Knowing that contradicting the general would be disrespectful, Garma merely answered, "Yes, sir," again. Kishiria had her own work and social life. Dozel was off on a ship for several months. Giren was still dubious about the value of mobile suits, largely because he hadn't been the one to dream them up.

More to the point, he wouldn't be with Char.

"You can reach me through the Academy intranet," Char said. "You can log into it from the outside world. I just can't contact you until they take the blocks off our Web access next year."

Garma nodded as he packed packed his study materials into a bag. "Would you believe I'm actually scared to go home? I've gotten so used to being here in this tiny cloistered little world that suddenly going out into the normal world of freedom is kind of freaking me out. I wish I could take you with me."

Char came over and lay a hand on his shoulder. "You'll be fine. I'm just an e-mail or an online chat away. I won't let your GPA sink."

Garma laid his hand over Char's. "Thanks."

Garma rode in a typical house limo back to the palace. He was told to immediately change from his grey cadet's uniform and meet his father in Degin's private dining room.

Accustomed now to obeying swiftly, Garma grabbed clothes out of his closet and was in his father's quarters in minutes. Degin, who was also in street clothing, rose to his feet slowly, assisted by his cane as usual.

"My dear boy!"

"Hi, Dad." Garma strode over quickly and gave his father the biggest hug he could. "Didja miss me?"

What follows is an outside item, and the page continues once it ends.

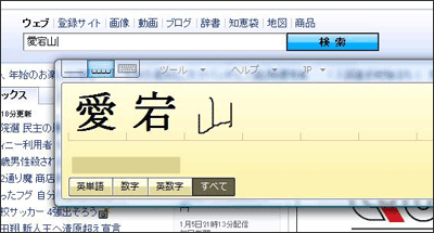 ▲読めない漢字でWeb検索したかったら、手書き入力でテキスト入力できます。マウスで描いたフニャフニャ文字は、認識されると綺麗に書き直されます。
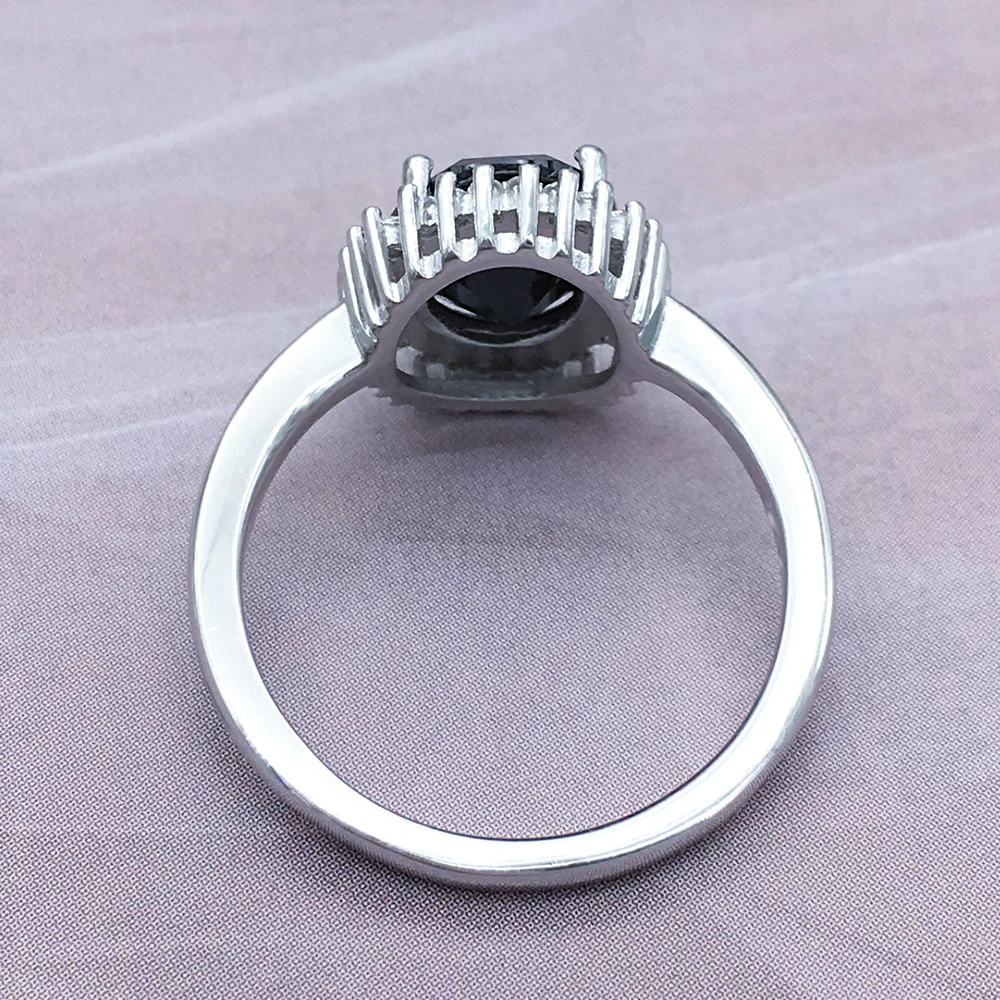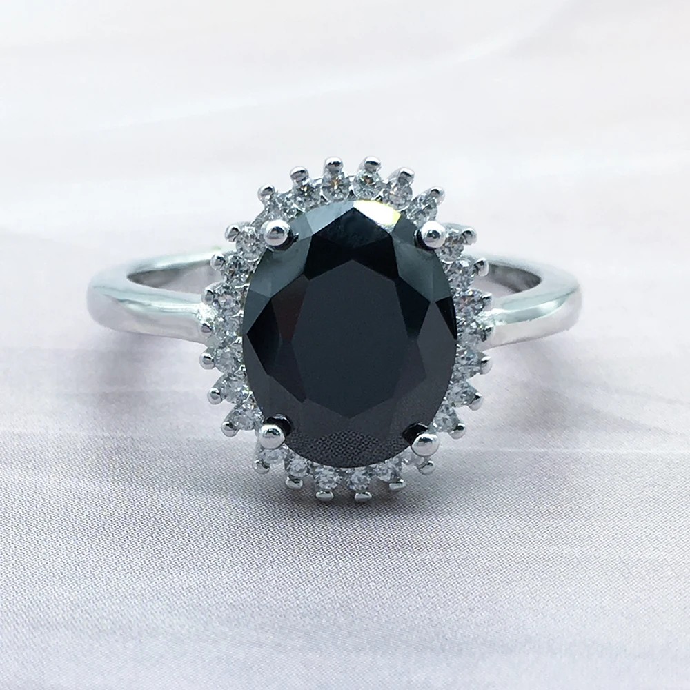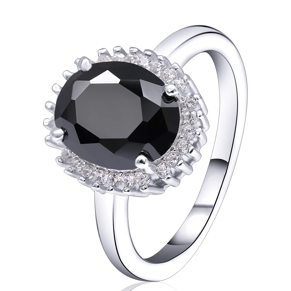 POLIVA 925 Sterling Siver Ring, Ladies Black Gemstone Crystal CZ Eternity Bridal Band Rings

"They say there are no stupid questions, but they are wrong," Degin answered. "The palace has been like a grave without your sound and fury."

"I write all the time."

"Letters don't make noise. You seem well. I worry about you constantly."

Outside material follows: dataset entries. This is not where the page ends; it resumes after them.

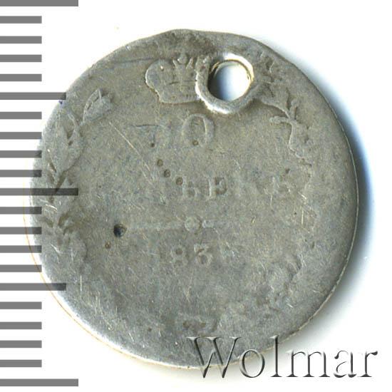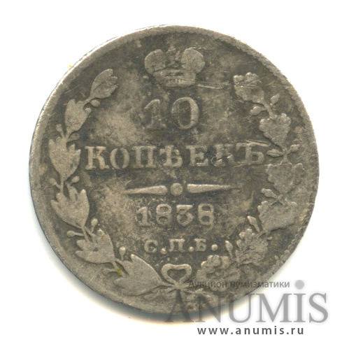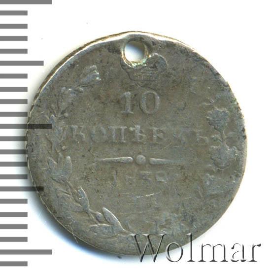 В центре указан номинал - «10». Над цифрой – Корона Российской империи. Под цифрой номинала — слово "КОПЕЕК". Ниже, расположен декоративный разделитель в виде двух разнонаправленных фигурных линий и небольшой окружности между ними, в центре которой, выпуклая точка. Под разделителем — дата выпуска монеты «1838». Под цифрой даты — обозначение монетного двора «С.П.Б.». Вдоль канта, не доходя до короны, изображен венок из лавровой и дубовой ветви, которые в нижней части перевязаны лентой на узел бантом. По окружности канта имеются рельефные элементы, выполненные в виде зубцов.
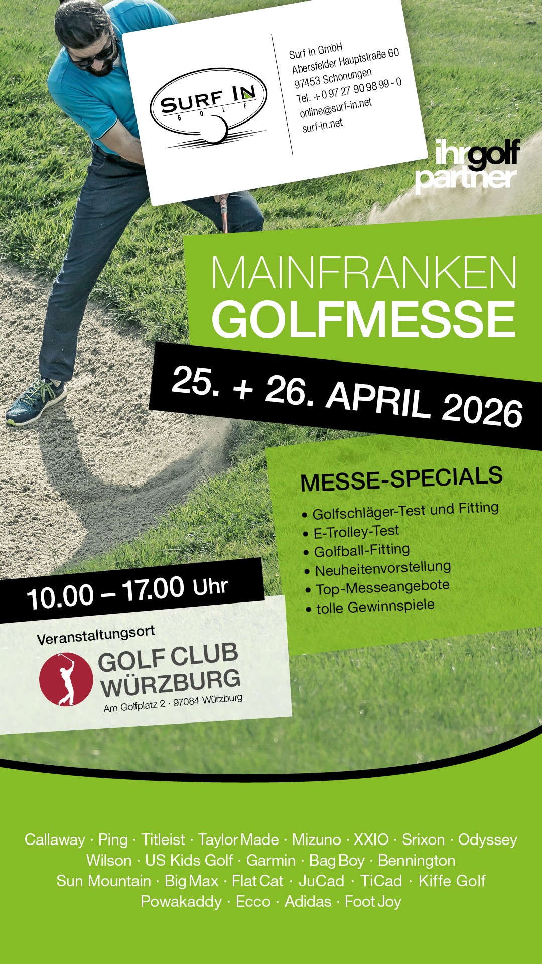 Am 25. und 26. April 2026 verwandelt sich der Golf Club Würzburg in das Zentrum der Golfszene in Mainfranken. Die Mainfranken Golfmesse von unserem Golfshop-Partner SURF IN bringt führende Marken, neueste Technologien und echte Messe-Highlights direkt auf unsere Anlage – ein Event, das Golferinnen und Golfer aller Spielstärken begeistern wird. Ob ambitionierter Turnierspieler, Freizeitgolfer oder Einsteiger – an diesem Wochenende dreht sich alles um Performance, Technik, Trends und die Faszination Golf.
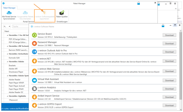 For historical reasons, there is not yet an MSI installer for all c-entron products, but you can also download them via the "Package Manager," unzip them, and then manually exchange them on the devices/servers. To do this, open the "Package Manager" and select the "Export c-entron software packages" function
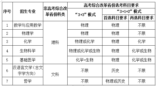 為突出基礎(chǔ)學(xué)科在國(guó)家關(guān)鍵領(lǐng)域的支撐引領(lǐng)作用,同時(shí)聚焦國(guó)家人才緊缺的人文社會(huì)科學(xué)領(lǐng)域,我校強(qiáng)基計(jì)劃招生專業(yè)設(shè)置如下:數(shù)學(xué)與應(yīng)用數(shù)學(xué)、物理學(xué)、化學(xué)、生物科學(xué)、基礎(chǔ)醫(yī)學(xué)﹑漢語(yǔ)言文學(xué)(古文字學(xué)方向)﹑哲學(xué)。
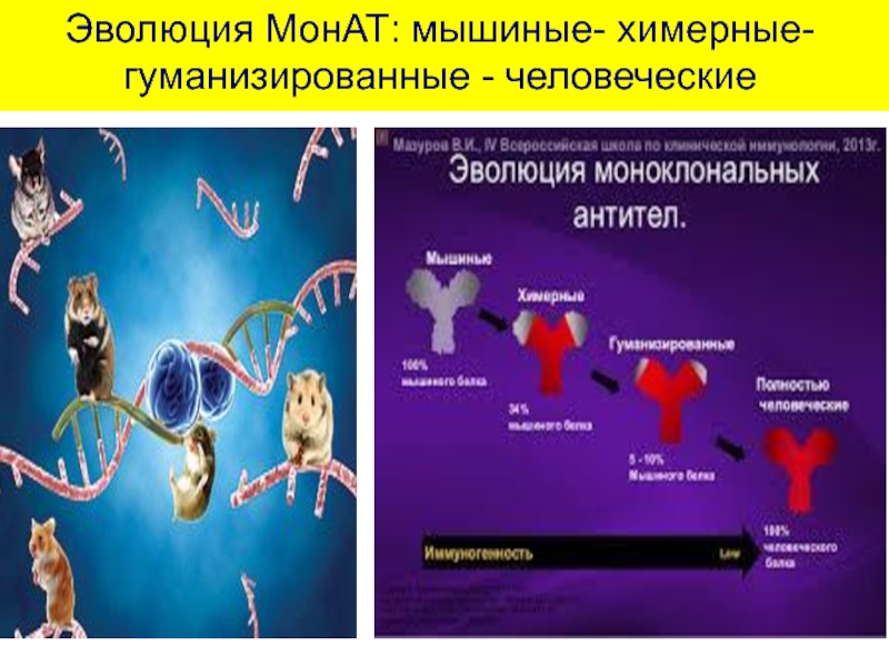 Слайд 10Эволюция МонАТ: мышиные- химерные-гуманизированные - человеческие
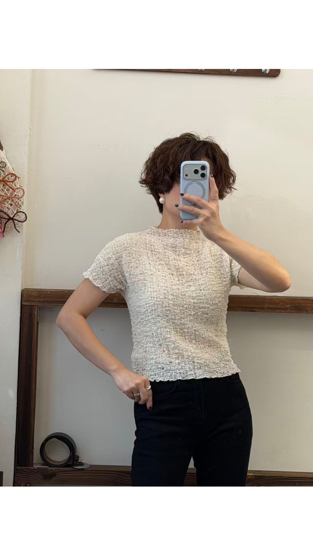 Top60416008 立體皺感木耳邊短袖 T 恤

Garma took his father's hand as the walked toward the dining room. "I'm fine, Dad, really. I've got a good support structure and there are people who rely on me. It's hard at school but for the first time in my life I'm really part of something. When I need help, someone can give it, and since I'm what passes for a mobile suit expert, I end up being able to help out other cadets and I love that."

"Yes, well you're needed for Team Zabi as well." Degin grunted slightly as he lowered himself into his dining room chair. A servant quietly placed green salads in front of them. "I know what you're thinking. Dear old Dad has an excuse to call you from the Academy so he does. You're needed here, at least part time. Dozel is off on ship duty. Kishiria is starting to make inspection tours of all the military bases. It's down to Giren and myself to do public appearances and you know that Giren doesn't always do well at that. Zena is doing what she can but her niche is small, women's charities and such.

"We've divided the labour. Giren speaks to higher-level groups who welcome his kind of delivery, the Zeon Bar Association, anything involving scientists or medical professionals. Zena speaks to women's groups. You're going to get the youth group requests and anything requiring a good public face."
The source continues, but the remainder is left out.